* **Data section**:
———

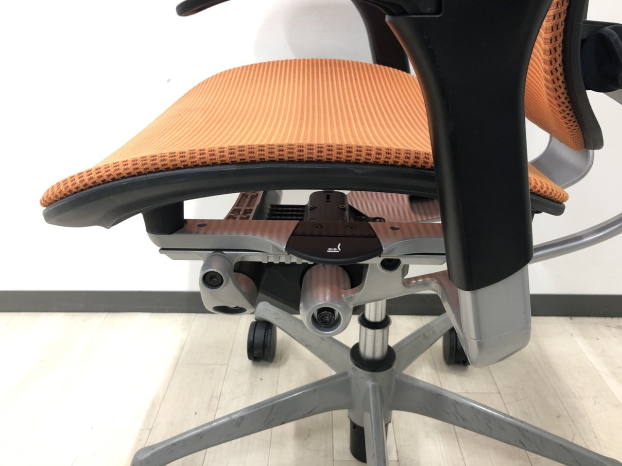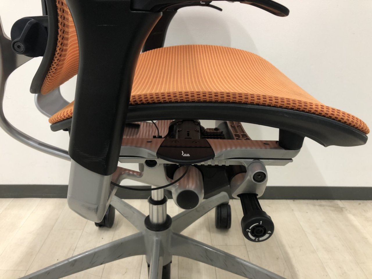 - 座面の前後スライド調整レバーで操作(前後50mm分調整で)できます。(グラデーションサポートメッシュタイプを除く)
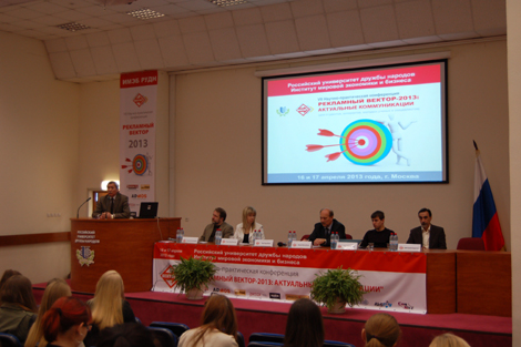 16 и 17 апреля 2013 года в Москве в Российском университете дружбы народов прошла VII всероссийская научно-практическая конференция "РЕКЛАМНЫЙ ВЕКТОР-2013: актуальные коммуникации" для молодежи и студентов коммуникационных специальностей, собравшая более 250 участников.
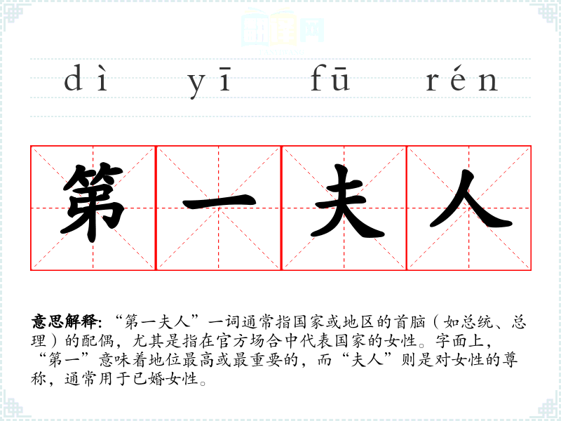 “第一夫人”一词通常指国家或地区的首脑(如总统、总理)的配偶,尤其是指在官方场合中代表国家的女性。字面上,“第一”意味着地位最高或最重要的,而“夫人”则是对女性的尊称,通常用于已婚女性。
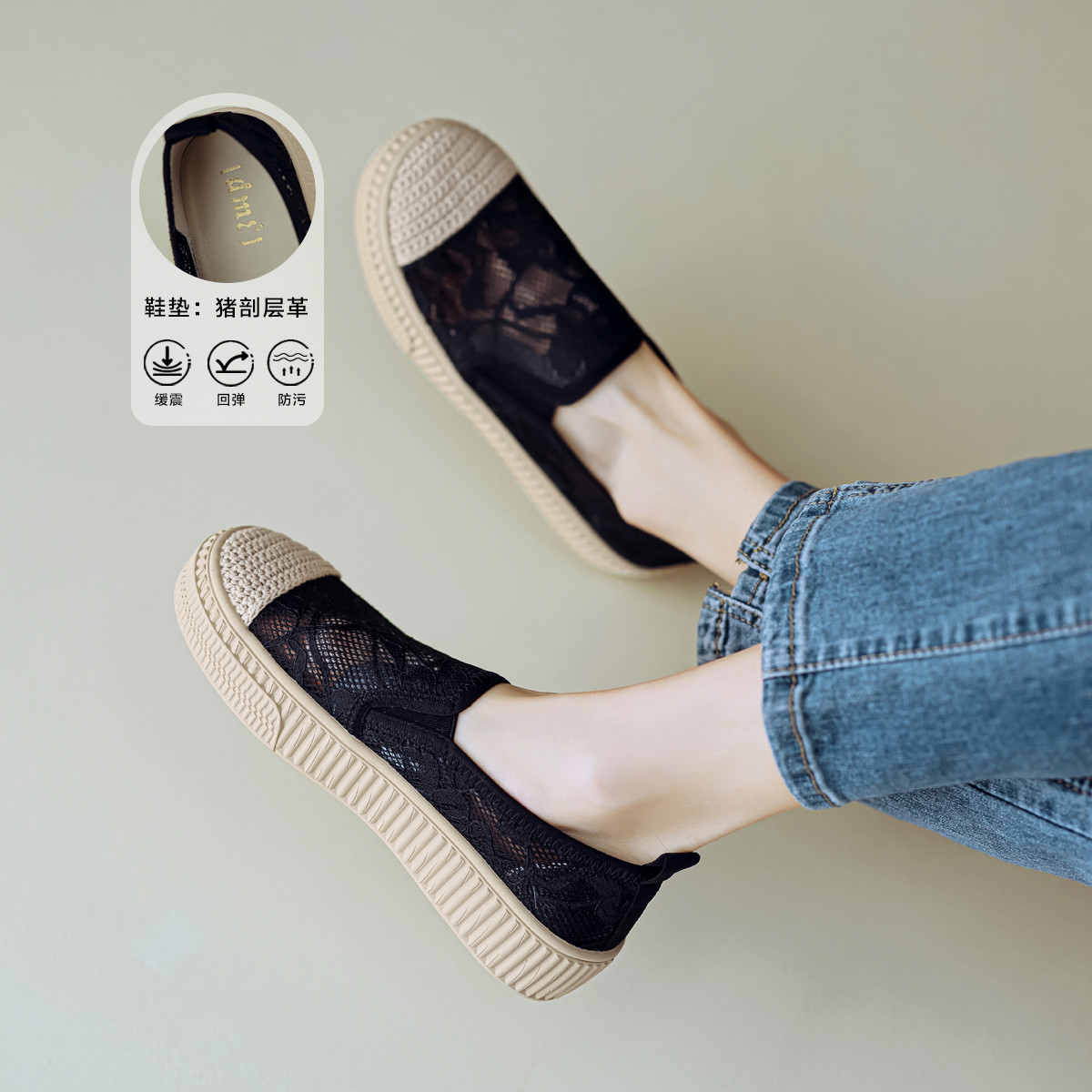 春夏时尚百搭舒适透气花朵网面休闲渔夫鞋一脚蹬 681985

———

* **Instructions for the task**: Reproduce the data exactly as it appears above. Pictures are to be left out.

* **Task solution**:
 - 座面の前後スライド調整レバーで操作(前後50mm分調整で)できます。(グラデーションサポートメッシュタイプを除く)
 16 и 17 апреля 2013 года в Москве в Российском университете дружбы народов прошла VII всероссийская научно-практическая конференция "РЕКЛАМНЫЙ ВЕКТОР-2013: актуальные коммуникации" для молодежи и студентов коммуникационных специальностей, собравшая более 250 участников.
 “第一夫人”一词通常指国家或地区的首脑(如总统、总理)的配偶,尤其是指在官方场合中代表国家的女性。字面上,“第一”意味着地位最高或最重要的,而“夫人”则是对女性的尊称,通常用于已婚女性。
 春夏时尚百搭舒适透气花朵网面休闲渔夫鞋一脚蹬 681985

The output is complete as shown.